Однажды я видел на улице Москвы, как один старик поскользнулся на ступенях подземного перехода. Слякотный март тогда залепил все проулки, проходы, пороги, обочину, душу. Крысы, спугнутые с урны, улепетывали, буксуя секунду на месте, разбрызгивая снег, шаркая когтями по асфальту. (Зимой у Павелецкого вокзала ночью и ранним утром они забираются на урны и копаются в них передними лапами, деловито вынимая обертки, объедки, до оторопи напоминая мартышек.) Старик не сумел подняться и скатился, ступенька за ступенькой, вниз, на спине. Я поскользнулся, двинувшись к нему, и подошел, когда он был уже на нижней ступеньке. Старик разбил себе о гранит голову, в редких седых волосах темнела ссадина, из нее вспухала кровь. Он попробовал поднять руку, дотронуться до головы, но сил не хватило, и рука застыла в воздухе, словно старик приветствовал кого-то. Губы его тряслись. Я смотрел на кровь на его голове — она уже стекала, алая, густая субстанция била в глаза ярким пятном — среди сумрачного мартовского утра. И я не мог оторваться, я застыл перед зрелищем вспыхнувшей, обнаженной жизни — при виде крови, такой новой, красочной части несчастного старика. Я вызвал «скорую» и отвел старика в дежурную аптеку, по счастью, она находилась неподалеку, в конце квартала… Я шел на службу, и кровь стояла перед моими глазами, вечная ее новизна и сила, проводник жизни.
«Расскажи о твоей самой большой слабости. Если не слишком стыдно…» — попросил меня внутренний голос, и я сел на подоконник, под окно, ослепшее дождем…
Что ж, ежели мы стали переходить на личности, то следует признаться, что, по сути, я легкий человек. Я доверчив и бесполезен. У меня нет осложнений, кроме одной, точней, двух… Первое. Я иногда подвержен слуховым галлюцинациям. Нет, никаких голосов — просто шумы, иногда пение без слов, переливание нот. А вот другая проблема — та чуть серьезней. Дело в том, что я все время фотографирую, фотографирую, это тик. Это разновидность психологического заболевания, перепев аутизма, объектив — лучший барьер зрению перед миром, матрица — лучшая сетчатка, шторка — веко. Щелк — и меня нет, мне теперь это не нужно видеть, перемалывать, тосковать.
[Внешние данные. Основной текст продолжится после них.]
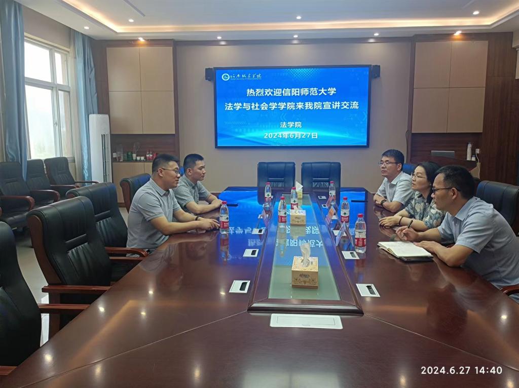 时间:2024-06-30 11:12 来源: 作者: 阅读: 次6月27日下午,色色视频 法学系主任朱茂磊副教授、团委书记费泽丹老师一行3人赴河南城建色色视频 法色色视频 开展研究生招生宣传。河南城建色色视频 法色色视频 副书记吴锦展,副院长马东丽、张强出席有关活动。

Если ситуация не позволяет фотографировать, то я непременно возвращаюсь и фотографирую уже пустое место. Я заговариваю реальность кадром. Еще когда Ленька бросался на быка, я уже фотографировал. Мне необходим щелчок затвора, как отбивка того, что происходит, я обязан выдержать ритм, пусть фотоаппарат пуст, переполнена флеш-карта, но он обязан щелкнуть. Если вдруг у меня нет с собой фотоаппарата, я снимаю сквозь рамочку скрещенных пальцев…
На фотографиях я стараюсь разглядеть незримое. Есть быстрое незримое — мгновенное нечто, что выходит за нашу чувствительность длительности. И уловив его в кадре, я становлюсь первооткрывателем. А есть медленное незримое, константа, которую также трудно осознать и наблюдать. Я учусь всю жизнь переключать внутреннюю длительность. Я мечтаю научиться длить минуты годами. И годы умещать под моргнувшее веко.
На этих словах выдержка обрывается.